Improvements in performance and fuel consumption have gone hand in hand with numerous cabin enhancements. For example, the Special Vehicle Team (SVT), which is in charge of the GT500 program, has added more insulation to reduce wind and road noise. That means there’s less of the good noise, though: the high-pitched whine of the supercharger, but, interestingly, there’s just as much exhaust rumble as before.

Convertible GT500s also benefit from a more rigid (by 12 percent) body structure that, according to one SVT engineer, makes this body style “act and feel more like a coupe without degrading the ride.”

Usually, replacing the fixed roof with a relatively flimsy convertible top would be like cutting the cables on the Golden Gate Bridge. For this reason, few high-performance coupes — which require roof to tie the car together — are seldom offered as convertibles.

The 2011 GT500 benefits from a new $3,500 SVT Performance Package that includes a stiffer suspension, limited-slip differential, more front and rear downforce, slightly lowered ride height and unique Goodyear Eagle F1 SuperCar G: 2 tires mounted on lightweight 19-inch front and 20-inch rear wheels.

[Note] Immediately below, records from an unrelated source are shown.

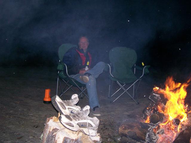 The fish weren’t biting, and it was pretty chilly friday night. (there was even some snow) The bonfires were great and the fishing was so relaxing….the scenery spectacular etc… 🙂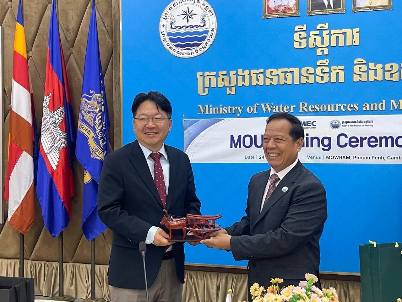 សូមជម្រាបថា កិច្ចប្រជុំនេះក៏មានការអញ្ជើញចូលរួមពីសំណាក់សហការីនៃអង្គភាពគ្រប់គ្រងគម្រោង (PMU) ផងដែរ។ ចំណែកឯខ្លឹមសារសំខាន់នៃអនុស្សរណៈនៃការយោគយល់គ្នានេះ គឺផ្ដោតលើការពង្រឹងកិច្ចសហប្រតិបត្តិការលើសកម្មភាពគ្រប់គ្រងធនធានទឹកប្រកបដោយចីរភាពក្នុងតំបន់មេគង្គ ក្រោមក្របខ័ណ្ឌនៃកិច្ចសហប្រតិបត្តិការរវាងក្រសួងធនធានទឹក និងឧតុនិយម និងមជ្ឈមណ្ឌល KOMEC នៃសាជីវកម្ម K-Water។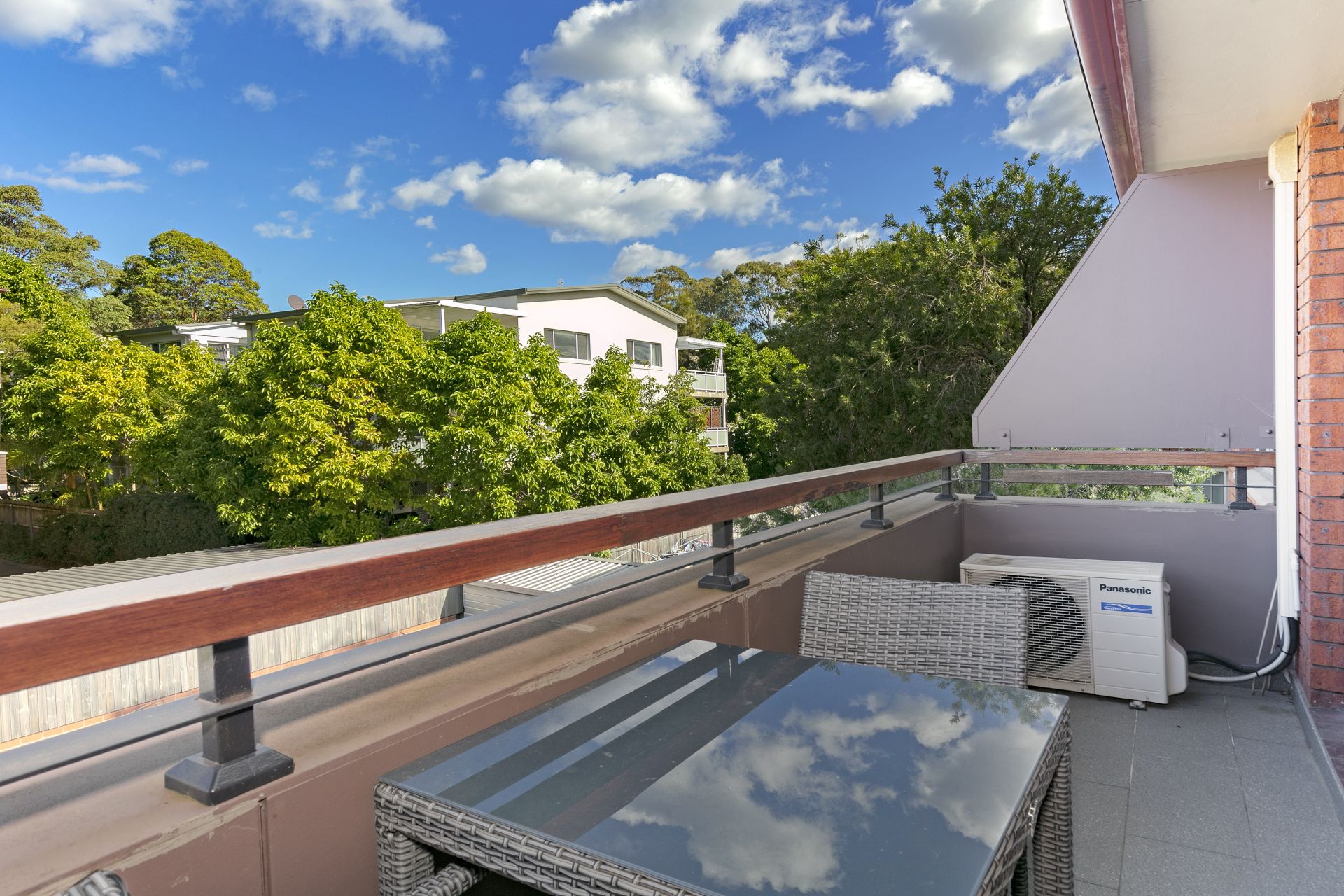 * Private balcony, wall mounted air conditioning unit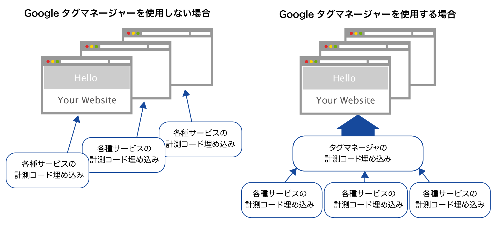 現在のGoogle Analytics用のアカウントをお持ちでGoogleタグマネージャをご利用であれば、ホームページに変更を加えずにご自身でGA4を導入することが可能です。Googleタグマネージャは、アナリティクスのようなソースコード埋込み型のサービスを利用する際に、タグマネージャに対して別サービスのコードをタグマネージャに登録することで、サービス追加の際にホームページ側の編集が必要なくなるサービスです。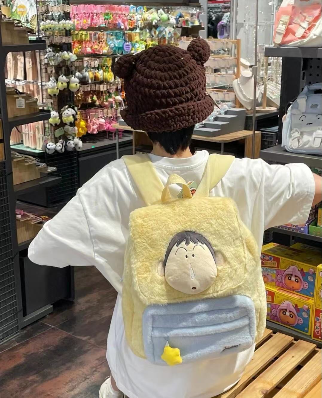 만화 크레용 작은 새 배낭 슈퍼 귀여운 멍청한 봉제 배낭 학생 학교 통근 학교 나들이 가방스토어 가기
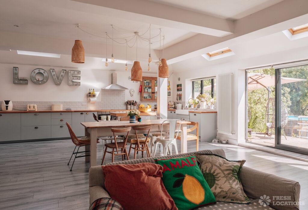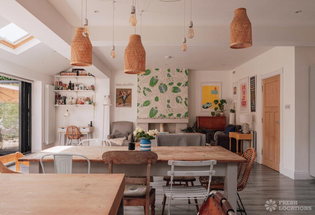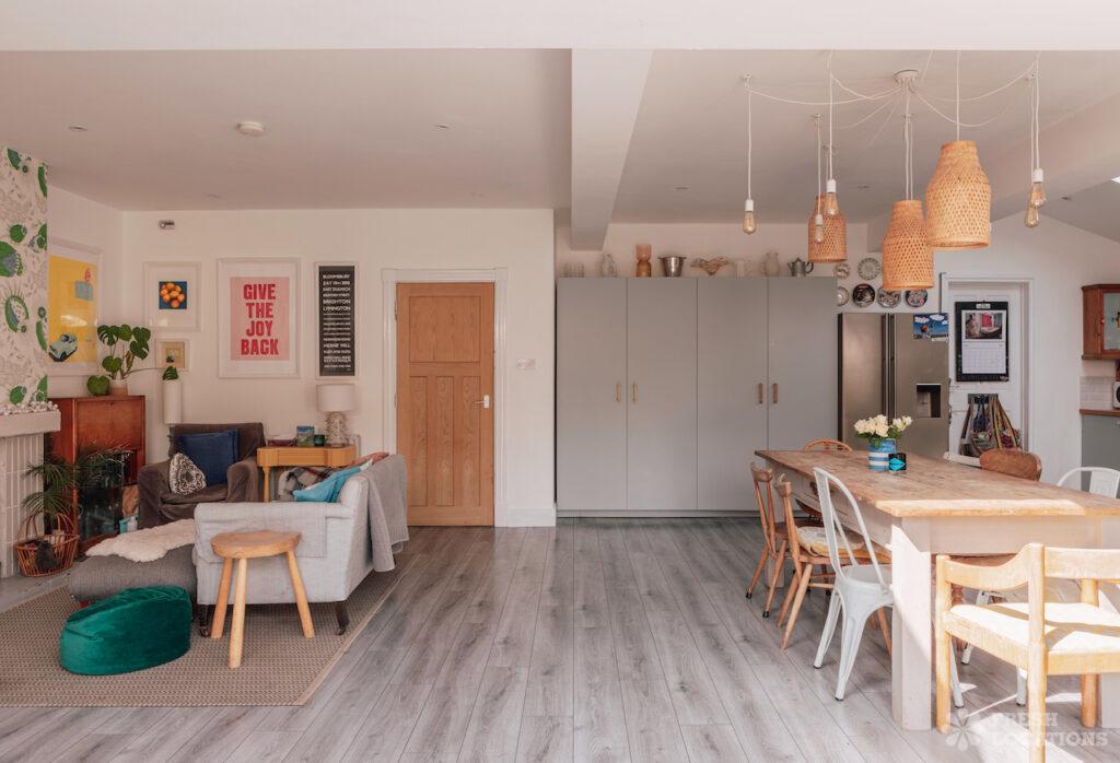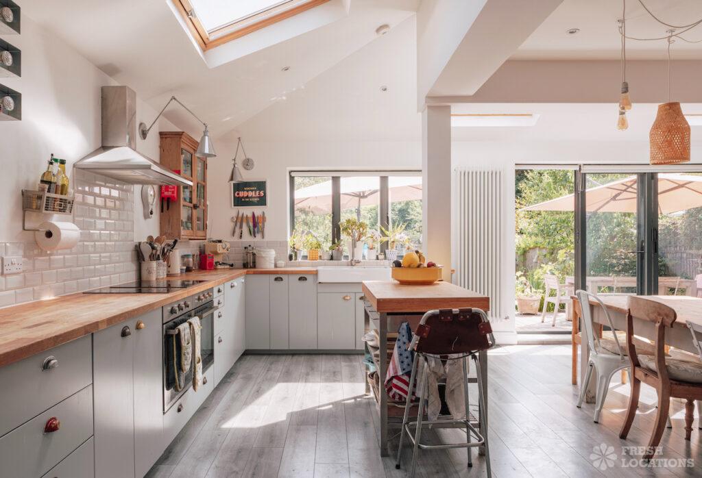 Garden, Ensuite, Exposed Plaster, Fireplace, Island Kitchen, Multiple Bathrooms, Multiple Bedrooms, Open Plan, Painted Floors, Polished Concrete, Skylights, Staircase, Walk In Shower, White Kitchen, Wood FloorsBright, lived in family home shoot location in North West London. Open plan kitchen/dining /living area with sliding doors leading to a garden with a spacious terrace. Shabby chic with polished concrete floors and lots of props throughout. London Borough of Brent.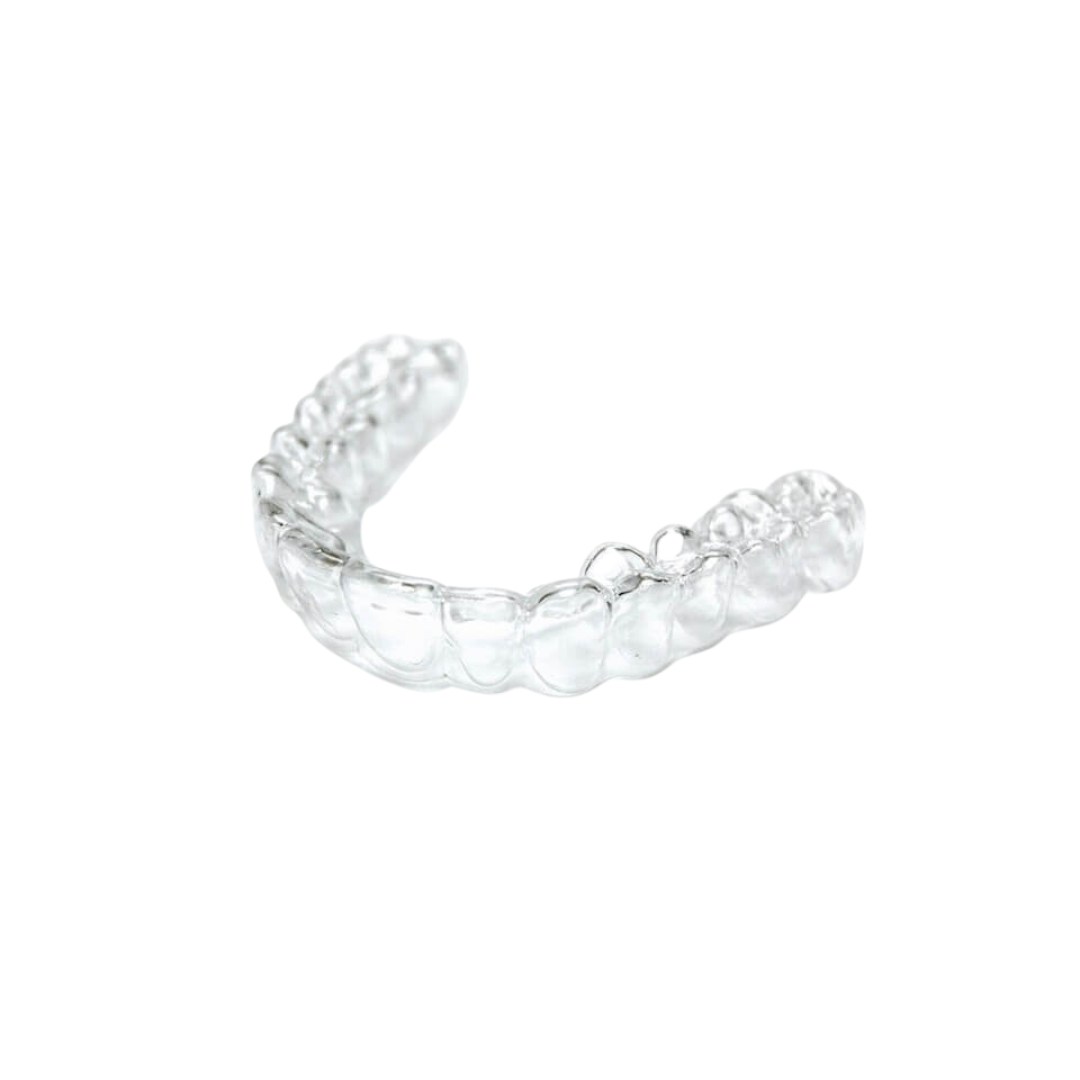 Op maat gemaakte aligners voor de onderkaak. Dit is een volledige alignerbehandeling van Orthoclub. Inclusief nachtbeugel.

After completing several laps driving a TrackPack-equipped GT500, the verdict is this: absolutely do not leave the dealer’s showroom without it.

You can add other options, of course, including a giant glass roof and a navigation system, but they will obviously further inflate the car’s $49,500 base price ($54,500 for the GT500 convertible).

Both prices seem reasonable considering that a 505-horsepower Corvette ZO6 — which is considered a bargain in most performance circles — lists for more than $75,000. Conversely, you could scale back to the 412-horsepower Mustang GT for $30,500 and pocket the $19,000 difference. If you never drove the GT500 for comparison, the GT would likely be one of the best rides you’ve ever had.

Still, if you have a healthy credit limit and want the best of the best — at least when it comes to Mustangs — the amazing Shelby GT500 is tough to pass up.